• _Assigned task_
Could you please retype all of the records exactly, skipping any pictures?

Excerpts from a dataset
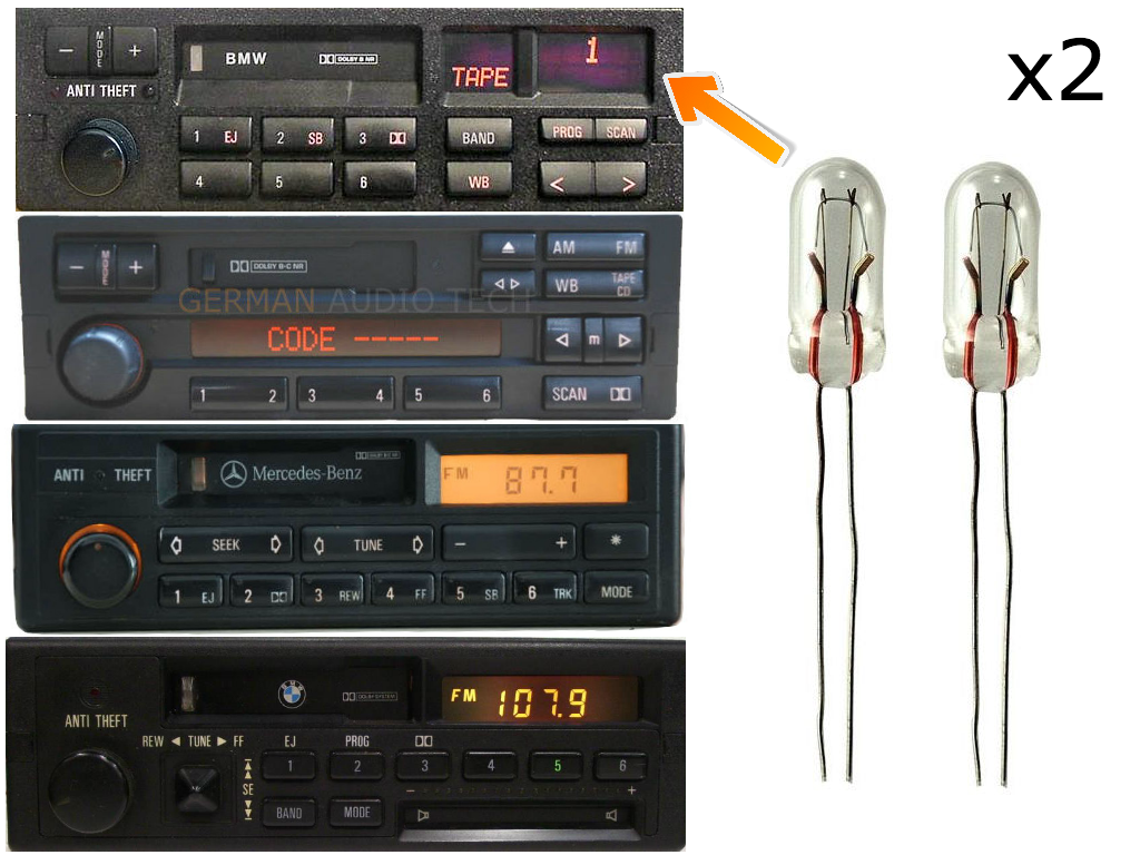 Having issue with the digital display on your factory radio? This is common problem for factory Alpine and Pioneer model radios from the 1980s through early 2000's. Luckily you can repair it yourself by simply replacing the light bulbs that have burned out. This listing is for (2) High Quality, wheat bulbs for your OEM cassette radio.
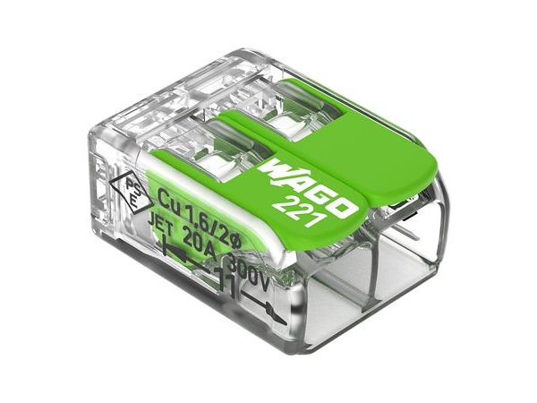 Wago 221 Grön 2-Vägs Svetsklämma, Tvärsnitt 0,2-4Mm2, 32A, 450V, Med Manöverhandtag, Transparent - (100 St.)
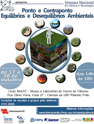 A Semana Nacional de Ciência e Tecnologia de 2011 tem como tema “Mudanças climáticas, desastres naturais e prevenção de risco”. Dentro desta proposta, a Casa da Ciência do Hemocentro de Ribeirão Preto, apresenta a exposição “Ponto e contraponto: equilíbrios e desequilíbrios ambientais”. A partir de espaços experimentais monitorados, os visitantes investigarão aspectos da biodiversidade terrestre e aquática. Com ênfase na forma e função de estruturas dos seres vivos – como as corbículas das abelhas e os ovos de resistência dos cladóceros – os estudantes identificarão as relações do organismo e o ambiente, explorando as guildas tróficas, a microfauna de plantas aquáticas e as variáveis climáticas responsáveis pela homeostase ambiental.A Semana Nacional de Ciência e Tecnologia é um evento promovido desde 2004 pelo Ministério da Ciência, Tecnologia e Inovação com o objetivo de mobilizar a população, em especial crianças e jovens, valorizando a criatividade, a atitude científica e a inovação.
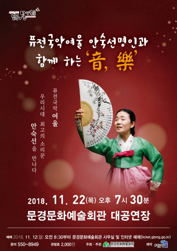 |  | | | ⓒ (주)영남도민일보 | | [영남도민일보] 김재근 기자 = 문경문화예술회관 대공연장에서 오는 11월 22일 오후 7시 30분 퓨전국악 여울이 안숙선 명인과 함께 하는 ‘音, 樂 ’기획공연이 열린다.
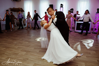 Przenoszenie Pani Młodej przez próg, 100 lat, życzeń ciąg dalszy i czas na pierwszy toast. Piotrze wódkę jednak postawiłeś gorzką.. To i teraz trzeba ją osłodzić. Całowanie zaliczone. Zaczynamy pierwszy taniec i tym samym tańce na weselu. Po 1 bloku tanecznym wjeżdża pyszny tort, a raczej muffinki. Mega fajne rozwiązanie. Pięknie wygląda i super smakuje. Dj gra super, wszyscy goście bawią się na sali. Kolejna przerwa na lody i podziękowania dla rodziców. Zostały nam oczepiny i wykupywanie fantów. Wesele hej, bawiliście się pięknie. Magda i Piotrze... jeszcze raz, dużo zdrowia, szczęścia, miłości i radości. Do zobaczenia na plenerze ;)
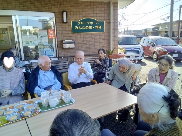 中庭に皆さんの歌声とギターの音が響き渡り楽しいおやつタイムとなりました♬
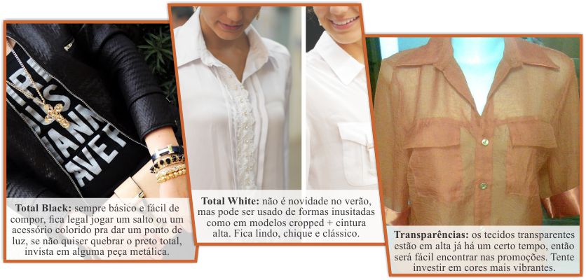 Transparências: os tecidos transparentes estão em alta já há um certo tempo, então será fácil encontrar nas promoções. Tente investir em cores mais vibrantes.
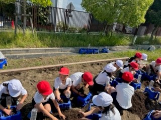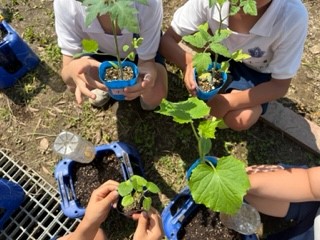 「プチトマト」「オクラ」「キュウリ」の苗を植えました。大きく育ってほしいです。一生懸命にお世話します。
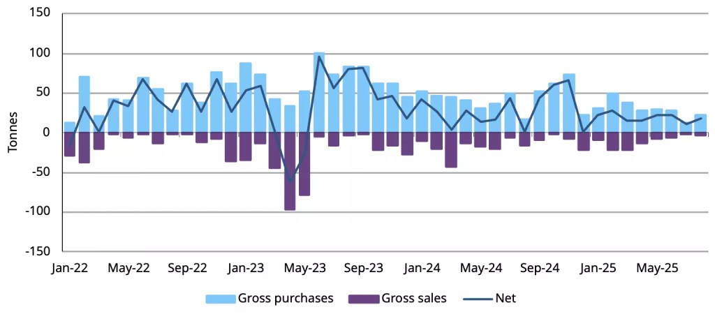 Central bank gold purchases have actually fallen in recent years. They don’t appear to be driving this year’s run-up.

• _Output below_
 Having issue with the digital display on your factory radio? This is common problem for factory Alpine and Pioneer model radios from the 1980s through early 2000's. Luckily you can repair it yourself by simply replacing the light bulbs that have burned out. This listing is for (2) High Quality, wheat bulbs for your OEM cassette radio.
 Wago 221 Grön 2-Vägs Svetsklämma, Tvärsnitt 0,2-4Mm2, 32A, 450V, Med Manöverhandtag, Transparent - (100 St.)
 A Semana Nacional de Ciência e Tecnologia de 2011 tem como tema “Mudanças climáticas, desastres naturais e prevenção de risco”. Dentro desta proposta, a Casa da Ciência do Hemocentro de Ribeirão Preto, apresenta a exposição “Ponto e contraponto: equilíbrios e desequilíbrios ambientais”. A partir de espaços experimentais monitorados, os visitantes investigarão aspectos da biodiversidade terrestre e aquática. Com ênfase na forma e função de estruturas dos seres vivos – como as corbículas das abelhas e os ovos de resistência dos cladóceros – os estudantes identificarão as relações do organismo e o ambiente, explorando as guildas tróficas, a microfauna de plantas aquáticas e as variáveis climáticas responsáveis pela homeostase ambiental.A Semana Nacional de Ciência e Tecnologia é um evento promovido desde 2004 pelo Ministério da Ciência, Tecnologia e Inovação com o objetivo de mobilizar a população, em especial crianças e jovens, valorizando a criatividade, a atitude científica e a inovação.
 |  | | | ⓒ (주)영남도민일보 | | [영남도민일보] 김재근 기자 = 문경문화예술회관 대공연장에서 오는 11월 22일 오후 7시 30분 퓨전국악 여울이 안숙선 명인과 함께 하는 ‘音, 樂 ’기획공연이 열린다.
 Przenoszenie Pani Młodej przez próg, 100 lat, życzeń ciąg dalszy i czas na pierwszy toast. Piotrze wódkę jednak postawiłeś gorzką.. To i teraz trzeba ją osłodzić. Całowanie zaliczone. Zaczynamy pierwszy taniec i tym samym tańce na weselu. Po 1 bloku tanecznym wjeżdża pyszny tort, a raczej muffinki. Mega fajne rozwiązanie. Pięknie wygląda i super smakuje. Dj gra super, wszyscy goście bawią się na sali. Kolejna przerwa na lody i podziękowania dla rodziców. Zostały nam oczepiny i wykupywanie fantów. Wesele hej, bawiliście się pięknie. Magda i Piotrze... jeszcze raz, dużo zdrowia, szczęścia, miłości i radości. Do zobaczenia na plenerze ;)
 中庭に皆さんの歌声とギターの音が響き渡り楽しいおやつタイムとなりました♬
 Transparências: os tecidos transparentes estão em alta já há um certo tempo, então será fácil encontrar nas promoções. Tente investir em cores mais vibrantes.
 「プチトマト」「オクラ」「キュウリ」の苗を植えました。大きく育ってほしいです。一生懸命にお世話します。
 Central bank gold purchases have actually fallen in recent years. They don’t appear to be driving this year’s run-up.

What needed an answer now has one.